Tandis qu'on pourra dire: Je ne pense pas que ce soit un homme à qui l'on puisse se fier ou à qui l'on peut se fier ou à qui l'on pourrait se fier
(exemple de Hanse-Bamplain)
quant au subjonctif imaparfait !
peut-on dire aujourd'hui dire ou écrire
Il eût fallu que je le susse ! ?


----------



## aoife

im not a native speaker but i never learned the subjunctive in school, i think it is really important to know if you ever go to france, native speakers use it all the time (form what i have observed anyway) and it is really useful to know if you continue your language studies to university level. i dont think the same applies to the imperfect from of the subjuntive.. ive never needed to use it, only to recognise it in a text.


----------



## DearPrudence

Personally I think the subjunctive is still pretty much used, even if people are not aware they are using it ('il faut que je mange plus de fruits').
But it's true that the imperfect of the subjunctive (how do you call it in English? Le subjonctif imparfait en français) is not used anymore (orally) and even if you can use it, you'd better not lest the others think you're being overtly pompous. Or you can use it just if you want to be funny.

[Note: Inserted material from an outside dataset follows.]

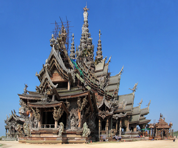 Храм Истины имеет четыре крыла, которые посвящаются четырем главным направлениям искусства, философии и религии (индуистскому, кхмерскому, тайскому и китайскому).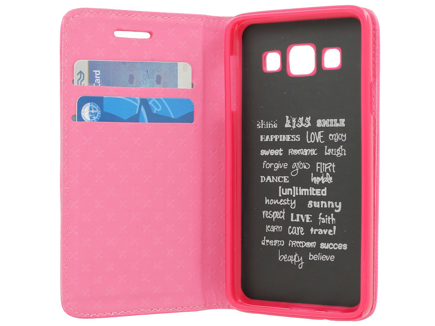In het smartphonehoesje zitten verder twee vakjes waarin een pinpas, OV chipkaart of schoolpasje opgeborgen kan worden. Tot slot kan het Samsung Galaxy A3 hoesje ook nog eens dienst doen als standaardje. Super handig dus!

Vive le subjonctif! Que tous les francophones se mettent à utiliser le subjonctif imparfait afin que nous nous esclaffassions


----------



## keziah

I'm an A level student... what is the subjunctive? Maybe it is dying out if we aren't getting taught it!


----------



## fpg

keziah said:
			
		

> I'm an A level student... what is the subjunctive? Maybe it is dying out if we aren't getting taught it!


 
Hi keziah,

I too am an A level student (AS1) and I can hardly believe that you said you have never been taught about the subjunctive . You should really have been taught, not just about it's usage but even how to avoid using it when writing essays; if you want to keep things simple. Perhaps your tutor is keeping this for year two (AS2). This may be what he/she is intending to do because in my own experience I had heard of the "_passive voice_" and when I mentioned about its usage in class I was told this will be covered at AS2. If you are now AS2 this is a sad inditement on the level of some of the language teaching in the U.K. and you should use this Forum to name and shame your college/teaching establishment!

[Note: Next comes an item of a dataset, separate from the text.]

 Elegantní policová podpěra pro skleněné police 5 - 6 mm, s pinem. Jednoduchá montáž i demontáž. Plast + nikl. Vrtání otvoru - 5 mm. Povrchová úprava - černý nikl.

If possible could you reply and let us know if you are a 1st or 2nd year AS student? Could you also let us know what exam board your college is using for example AQA, WJEC etc.?

It will be interesting and hopefully explain the reason why you have never been taught about what is the bane of all french language students .

All the best!


----------



## Utstar

DearPrudence said:


> Personally I think the subjunctive is still pretty much used, even if people are not aware they are using it ('il faut que je mange plus de fruits').
> But it's true that the imperfect of the subjunctive (how do you call it in English? Le subjonctif imparfait en français) is not used anymore (orally) and even if you can use it, you'd better not lest the others think you're being overtly pompous. Or you can use it just if you want to be funny.
> 
> Vive le subjonctif! Que tous les francophones se mettent à utiliser le subjonctif imparfait afin que nous nous esclaffassions




You said something that I really am d'accord avec, c'était longetemps qu'on a justement parlé comme cela  I am from India learning French and there is nothing more beautiful than a sentence crafted with subjonctif 
As you rightfully said VIVE LE SUBJONCTIF


----------



## wistou

I agree with other posters that subjunctive is not at all disappearing in its present form, and on the contrary an endangered specy  in the imperfect form; and the reason for that might be that the rules when to use it are extremely complicated. What we call "concordance des temps" makes it a nightmare even for us to be sure whether it is required or not. 

Ex:
"Il aurait été bon que les francophones se souvinssent de cette belle forme au lieu que de la délaisser"  "aurait été" is past, structure of the sentence calls for a subjunctive, hence the "souvinssent".

but : 
"A l'avenir, je ne supporterai pas que vous l'oubliiez".  "supporterai" is future, imperfect subjunctive should not be used. 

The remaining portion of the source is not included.